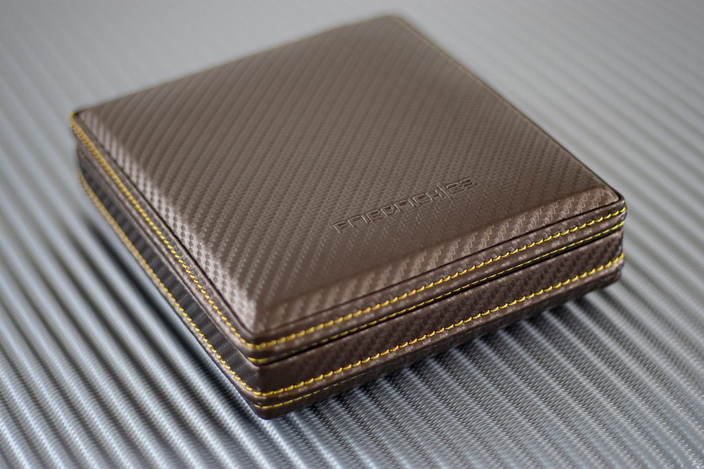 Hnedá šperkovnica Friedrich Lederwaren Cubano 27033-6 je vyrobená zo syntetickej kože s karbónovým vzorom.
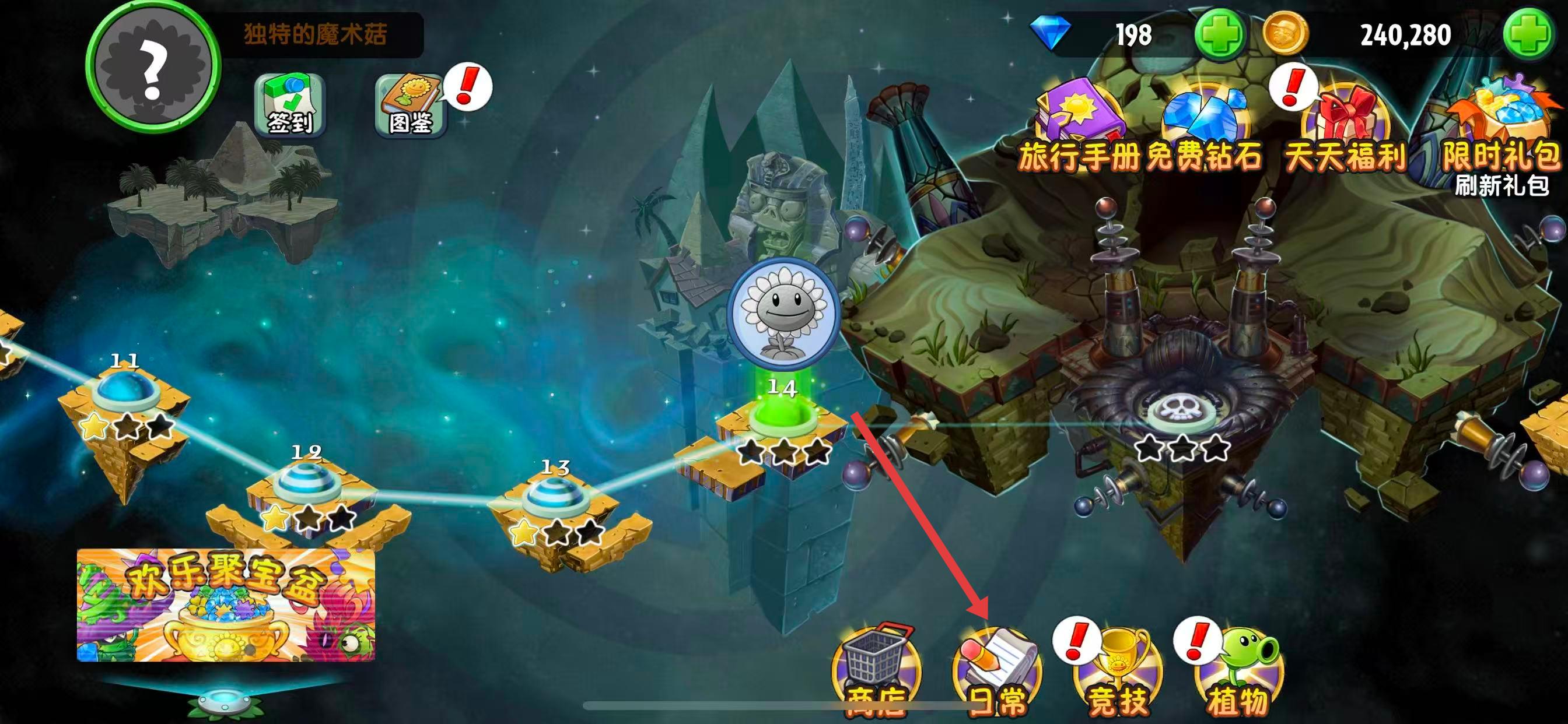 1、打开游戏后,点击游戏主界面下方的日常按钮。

________________________

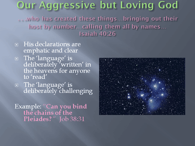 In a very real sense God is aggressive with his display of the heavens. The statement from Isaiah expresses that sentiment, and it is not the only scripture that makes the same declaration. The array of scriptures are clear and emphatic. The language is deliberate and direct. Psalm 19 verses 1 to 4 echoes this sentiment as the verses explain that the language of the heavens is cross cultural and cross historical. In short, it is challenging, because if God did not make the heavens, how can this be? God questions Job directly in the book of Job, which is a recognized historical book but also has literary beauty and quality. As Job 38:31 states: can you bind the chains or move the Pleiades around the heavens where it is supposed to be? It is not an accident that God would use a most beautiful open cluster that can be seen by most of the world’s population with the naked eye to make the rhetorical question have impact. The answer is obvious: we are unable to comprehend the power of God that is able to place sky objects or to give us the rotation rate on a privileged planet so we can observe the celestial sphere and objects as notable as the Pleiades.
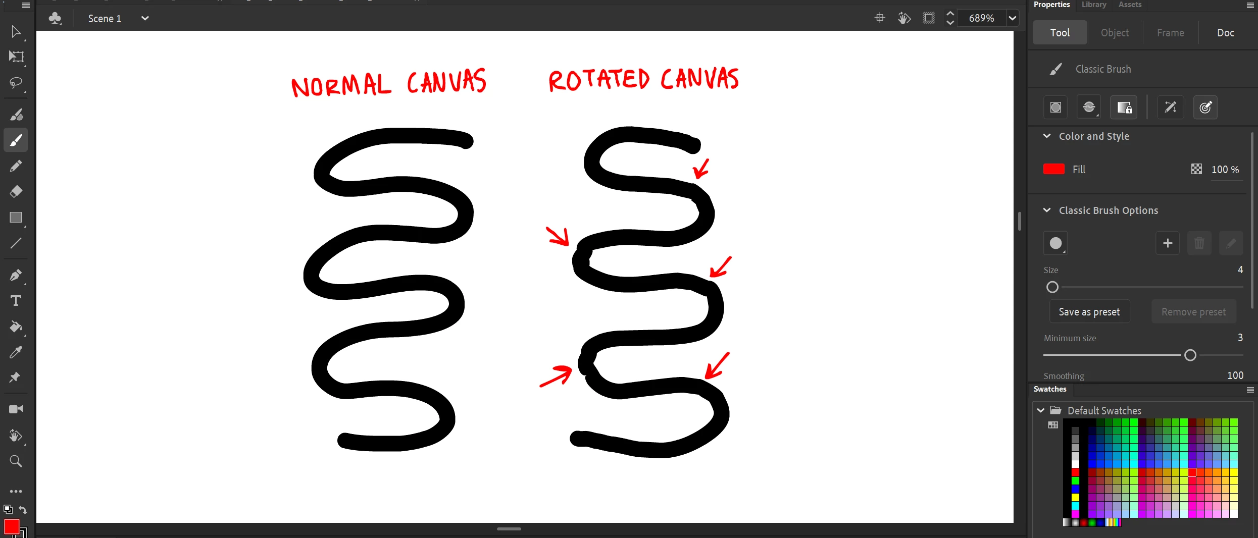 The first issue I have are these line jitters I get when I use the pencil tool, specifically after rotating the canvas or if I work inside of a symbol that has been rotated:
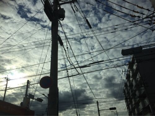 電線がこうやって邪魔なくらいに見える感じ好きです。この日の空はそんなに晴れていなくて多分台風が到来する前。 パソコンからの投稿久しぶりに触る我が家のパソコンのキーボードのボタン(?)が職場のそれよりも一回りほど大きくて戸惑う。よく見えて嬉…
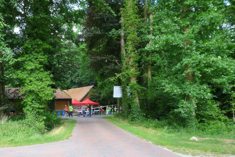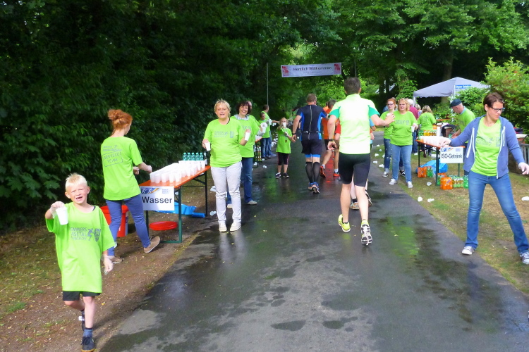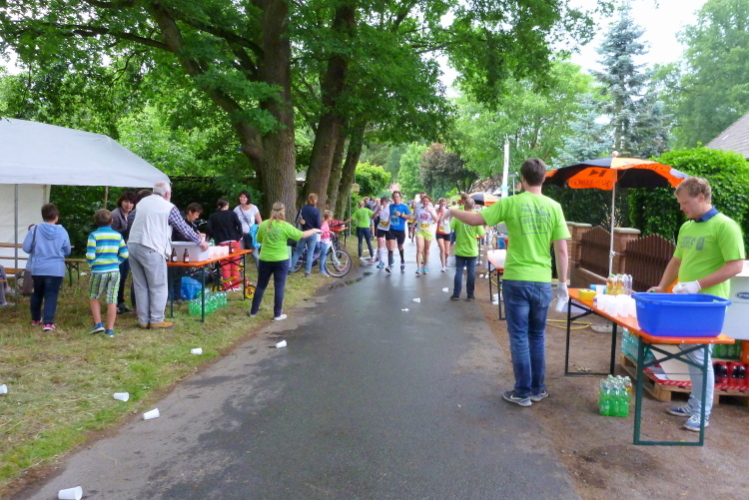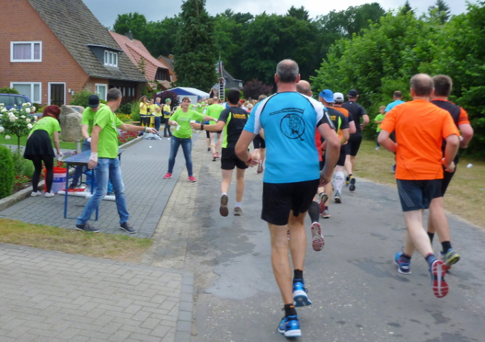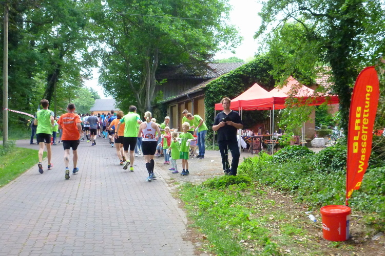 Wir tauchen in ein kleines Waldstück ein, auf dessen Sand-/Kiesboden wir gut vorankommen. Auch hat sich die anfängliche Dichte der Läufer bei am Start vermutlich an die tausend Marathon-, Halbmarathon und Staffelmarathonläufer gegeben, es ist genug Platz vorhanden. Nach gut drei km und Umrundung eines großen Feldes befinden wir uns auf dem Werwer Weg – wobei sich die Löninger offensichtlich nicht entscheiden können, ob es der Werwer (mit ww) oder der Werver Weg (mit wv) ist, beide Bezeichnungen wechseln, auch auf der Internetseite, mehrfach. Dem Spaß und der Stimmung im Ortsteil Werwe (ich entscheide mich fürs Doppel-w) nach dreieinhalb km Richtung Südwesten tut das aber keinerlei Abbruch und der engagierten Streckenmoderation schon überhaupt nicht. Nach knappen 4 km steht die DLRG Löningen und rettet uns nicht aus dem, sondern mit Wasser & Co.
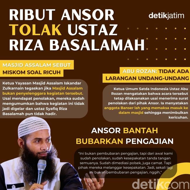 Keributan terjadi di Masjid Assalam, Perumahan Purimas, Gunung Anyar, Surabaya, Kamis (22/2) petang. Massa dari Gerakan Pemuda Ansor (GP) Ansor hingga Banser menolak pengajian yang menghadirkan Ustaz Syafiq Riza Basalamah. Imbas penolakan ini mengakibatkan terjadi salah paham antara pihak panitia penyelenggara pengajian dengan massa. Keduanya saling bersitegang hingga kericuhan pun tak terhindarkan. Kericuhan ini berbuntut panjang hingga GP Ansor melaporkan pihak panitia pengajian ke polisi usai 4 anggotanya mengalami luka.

________________________

> **What the exercise asks**
Output exactly the lines above that lie between the line with "The first issue" and the line with "Keributan terjadi di", those two lines included, and no pictures.

> **Task response**
 The first issue I have are these line jitters I get when I use the pencil tool, specifically after rotating the canvas or if I work inside of a symbol that has been rotated:
 電線がこうやって邪魔なくらいに見える感じ好きです。この日の空はそんなに晴れていなくて多分台風が到来する前。 パソコンからの投稿久しぶりに触る我が家のパソコンのキーボードのボタン(?)が職場のそれよりも一回りほど大きくて戸惑う。よく見えて嬉…
 Wir tauchen in ein kleines Waldstück ein, auf dessen Sand-/Kiesboden wir gut vorankommen. Auch hat sich die anfängliche Dichte der Läufer bei am Start vermutlich an die tausend Marathon-, Halbmarathon und Staffelmarathonläufer gegeben, es ist genug Platz vorhanden. Nach gut drei km und Umrundung eines großen Feldes befinden wir uns auf dem Werwer Weg – wobei sich die Löninger offensichtlich nicht entscheiden können, ob es der Werwer (mit ww) oder der Werver Weg (mit wv) ist, beide Bezeichnungen wechseln, auch auf der Internetseite, mehrfach. Dem Spaß und der Stimmung im Ortsteil Werwe (ich entscheide mich fürs Doppel-w) nach dreieinhalb km Richtung Südwesten tut das aber keinerlei Abbruch und der engagierten Streckenmoderation schon überhaupt nicht. Nach knappen 4 km steht die DLRG Löningen und rettet uns nicht aus dem, sondern mit Wasser & Co.
 Keributan terjadi di Masjid Assalam, Perumahan Purimas, Gunung Anyar, Surabaya, Kamis (22/2) petang. Massa dari Gerakan Pemuda Ansor (GP) Ansor hingga Banser menolak pengajian yang menghadirkan Ustaz Syafiq Riza Basalamah. Imbas penolakan ini mengakibatkan terjadi salah paham antara pihak panitia penyelenggara pengajian dengan massa. Keduanya saling bersitegang hingga kericuhan pun tak terhindarkan. Kericuhan ini berbuntut panjang hingga GP Ansor melaporkan pihak panitia pengajian ke polisi usai 4 anggotanya mengalami luka.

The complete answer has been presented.